A controversial and long-stalled apartment project in Pittsford that has plodded on through 15 years of civic battles and a conveyor belt of litigation is the subject of yet another lawsuit.
The project’s developer, Mark IV Enterprises subsidiary Pittsford Canalside Properties, is suing Monroe County’s economic development agency over its decision in May to deny the project, known as Westport Crossing, more than $7 million in tax breaks.
Board members of the agency, COMIDA, were split on the decision. The final vote was 4 to 3.
“We will not be building this project without this support,” Steve DiMarzo, a managing partner for Mark IV, said to the board immediately after the vote.
Westport Crossing, in its current iteration, would include 156 apartments across seven buildings on an almost 8-acre site along the Erie Canal at the village’s edge. The site was formerly home to an asphalt plant and Pittsford Canalside Properties has spent more than $5 million cleaning up pollution at the site.
The developer submitted its first permit applications to the village of Pittsford in 2009 and for most of the years since, the project has been mired in a regulatory and legal mess. The village has spent more than $1 million defending itself in more than a dozen lawsuits and countersuits around the proposed project.
The new lawsuit is at least the 14th involving the project.
But Pittsford Canalside Properties now has most of the necessary approvals in hand and is pursuing its building permit.
In April, Pittsford Canalside Properties applied for a 10-year property tax break as well as exemptions from sales and mortgage reporting taxes. It claimed that the Westport Crossing project would create 120 temporary construction jobs and at least 24 full-time jobs.
In the complaint, filed Monday in state Supreme Court, the developer argues that COMIDA board member Joseph Alloco ran afoul of the agency's conflict of interest policy by neglecting to recuse himself from voting on the project and discussing it with other board members. Alloco is the president of Alloco Real Estate, a company that owns five residential rental properties within 6 miles of the Westport Crossing site.
“The policy requires board members to recuse or abstain from any decision where a conflict of interest exists,” the complaint reads.

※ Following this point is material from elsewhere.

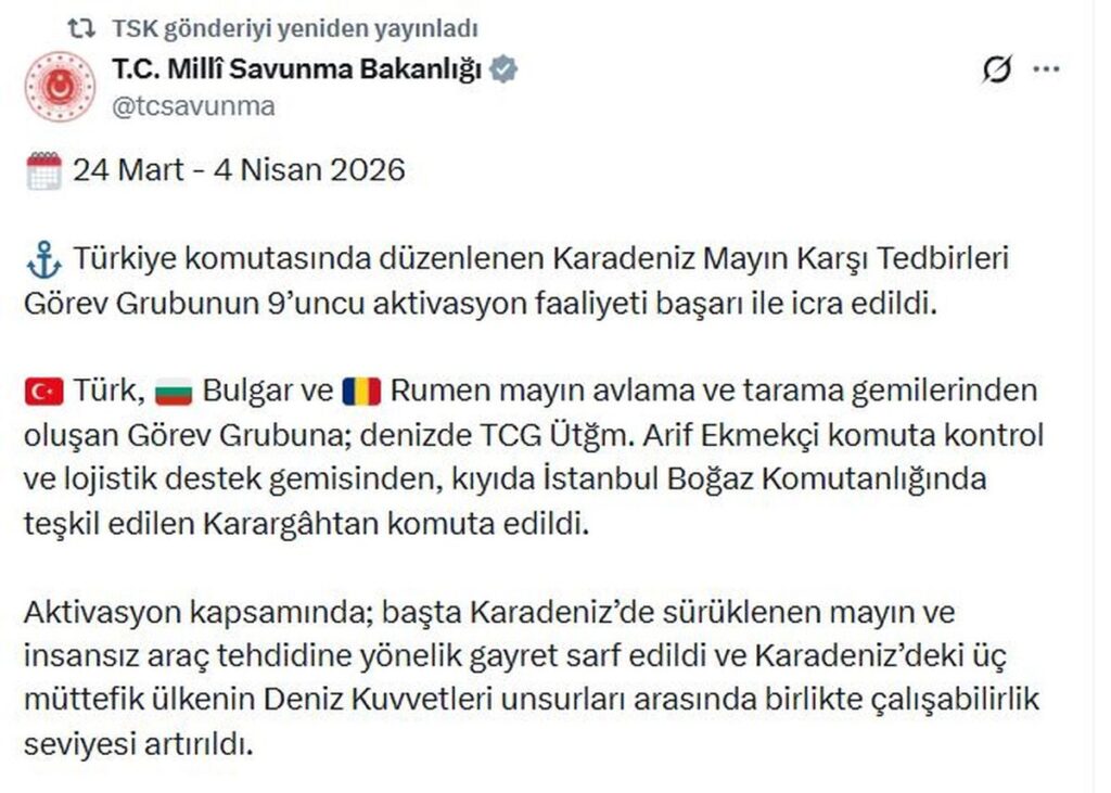 Eğitim Karadeniz’de Mayın Karşı Tedbirleri Başarıyla Gerçekleşti MSB, Türkiye komutasıyla düzenlenen 9. Mayın Karşı Tedbirleri faaliyeti başarıyla icra edildi. Hakan Kaplan 7 Nisan 2026 MİLLİ Savunma Bakanlığı (MSB), Türkiye komutasında düzenlenen Karadeniz Mayın Karşı Tedbirleri Görev Grubu’nun 9’uncu aktivasyon faaliyetinin başarı ile gerçekleştirildiğini açıkladı. Bakanlığın sanal medya hesabından yapılan açıklamada, “Türkiye komutasında düzenlenen Karadeniz Mayın Karşı Tedbirleri Görev Grubu’nun 9’uncu aktivasyon faaliyeti başarı ile icra edildi. Türk, Bulgar ve Rumen mayın avlama ve tarama gemilerinden oluşan Görev Grubuna; denizde TCG Üsteğmen Arif Ekmekçi komuta kontrol ve lojistik destek gemisinden, kıyıda İstanbul Boğaz Komutanlığında teşkil edilen karargahtan komuta edildi. Aktivasyon kapsamında; başta Karadeniz’de sürüklenen mayın ve insansız araç tehdidine yönelik gayret sarf edildi ve Karadeniz’deki üç müttefik ülkenin Deniz Kuvvetleri unsurları arasında birlikte çalışabilirlik seviyesi artırıldı” ifadelerine yer verildi. Tags: Komuta Related Stories Timetürk yazarı Gülçin Ertunç Mimar Sinan’ın eseri Kurşunlu Han’ı yazdı Eğitim Timetürk yazarı Gülçin Ertunç Mimar Sinan’ın eseri Kurşunlu Han’ı yazdı 7 Nisan 2026 Son açıklaması gündeme getirdi: Donald Trump’ın İran’a yaptığı tüm uyarılar Eğitim Son açıklaması gündeme getirdi: Donald Trump’ın İran’a yaptığı tüm uyarılar 7 Nisan 2026 Trump’ın yardımcısı Vance’dan kritik İran açıklaması Eğitim Trump’ın yardımcısı Vance’dan kritik İran açıklaması 7 Nisan 2026
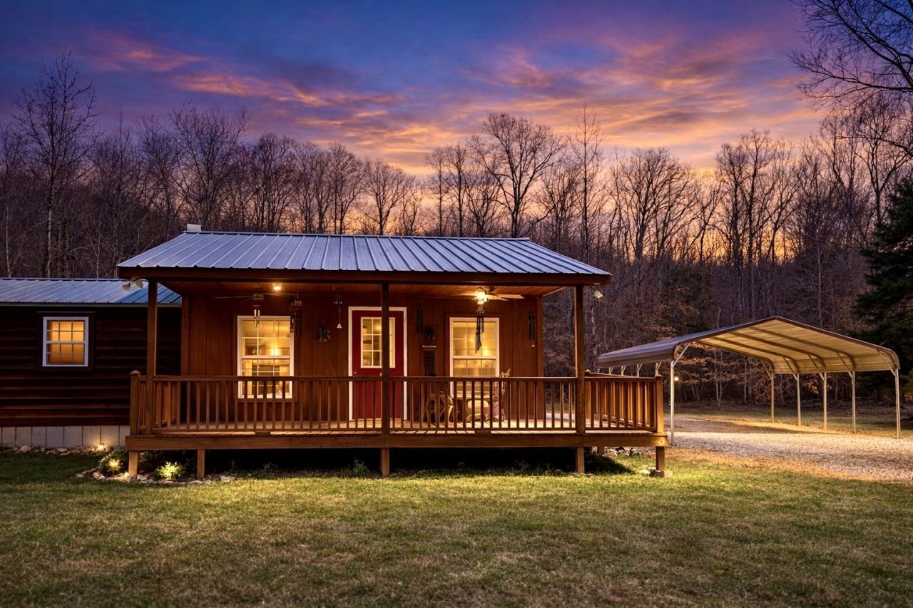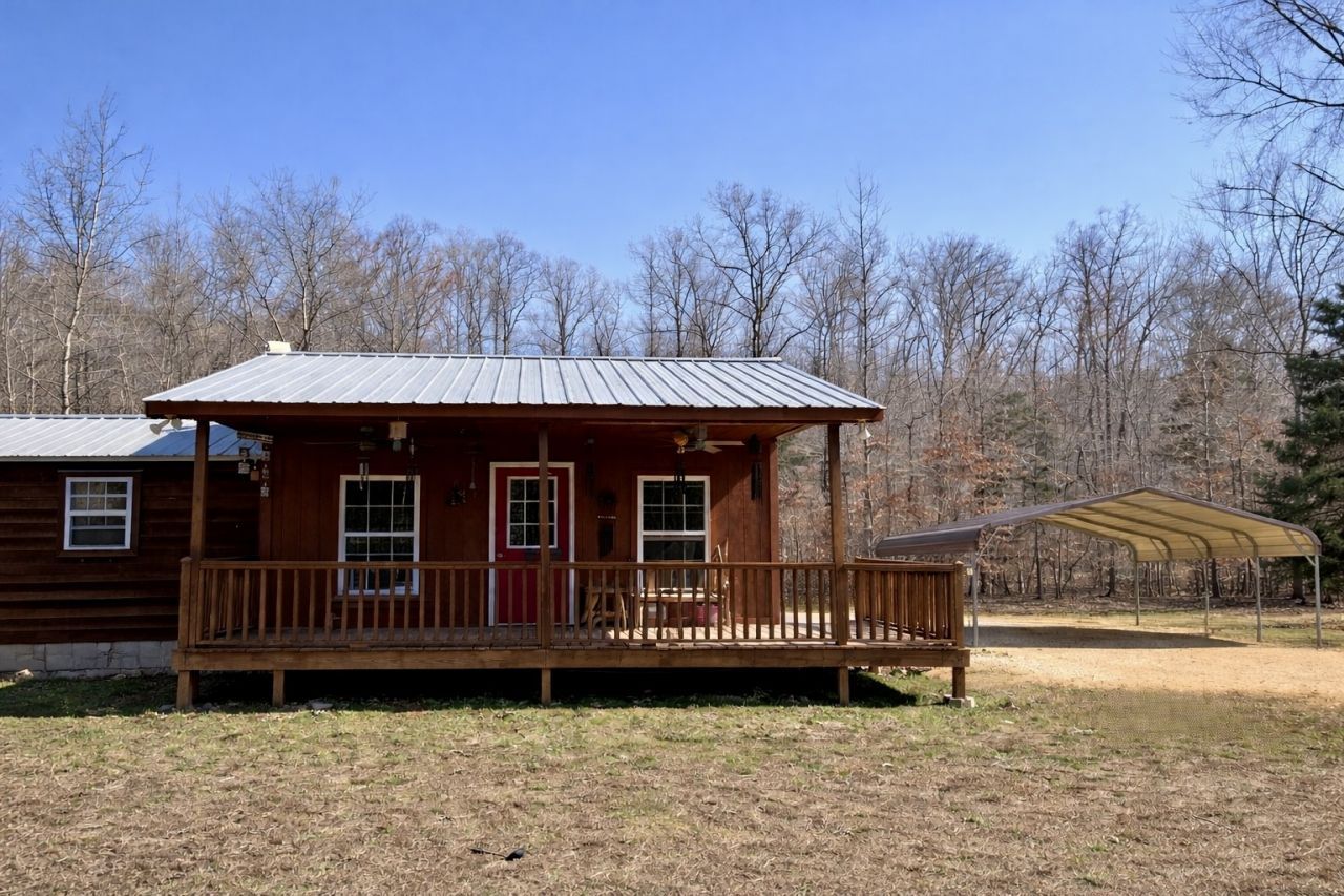 Private Tennessee Cabin Retreat in Gated Community on 46.7 Acres with a Dream Shop, Large Entertaining Deck & Multi-Building Setup. Meticulously maintained property with trail system throughout, multiple springs, and amazing views of the valley. 2 Bedrooms with an office and 1 bathroom. Expansive sun deck off the back of the home that has been reinforced to hold as many as you can gather. Tongue and groove pine throughout the inside of the home gives a warm and inviting feel. The 30X40 Shop has covered porches on each side where you can relax and take in the sounds of nature, entertain friends, or work on projects. Multiple outbuildings for storage or a children's playhouse where imaginations can run wild. Home has upgraded electrical wiring including four breakers on the pole, separate boxes for the well, the shop, the sheds, and the electric has been ran underground from the pole to the Cabin. This home also has upgraded spray foam in the walls, attic, and underneath. Only a handful of people live in this secure, gated community and they consider each other family. Less than 10 min from Crooked Creek Marina. Come see what dreams may come with this one of a kind property!! Drone footage to come!!

The lawsuit alleges that Alloco, who voted against the developer’s application, had both real and perceived conflicts and that he attempted to influence other board members. It asks the court to order COMIDA to reconsider the application without the participation of Alloco or any board member with whom he discussed the matter.
The lawsuit alleges that the board did not make “findings of fact” explaining why it denied the application, and that COMIDA Executive Director Ana Liss told the developer that the four board members voted against the tax incentives because they believed the DiMarzo family, which owns Mark IV Enterprises, didn’t need the money.
But Liss said that's not what she told the developer.
"In a follow-up phone conversation with the developer, I specifically said that when members of the COMIDA Board of Directors, who are independently appointed to these positions by the president of the Monroe County Legislature, vote against a project, it may be because they do not agree that the project should be eligible for tax incentives," she wrote in an email to WXXI.
The petition argues in part that the application’s denial resulted from “improper consideration of the financial condition of the DiMarzo family.”
A message left Tuesday for Alloco was not immediately returned.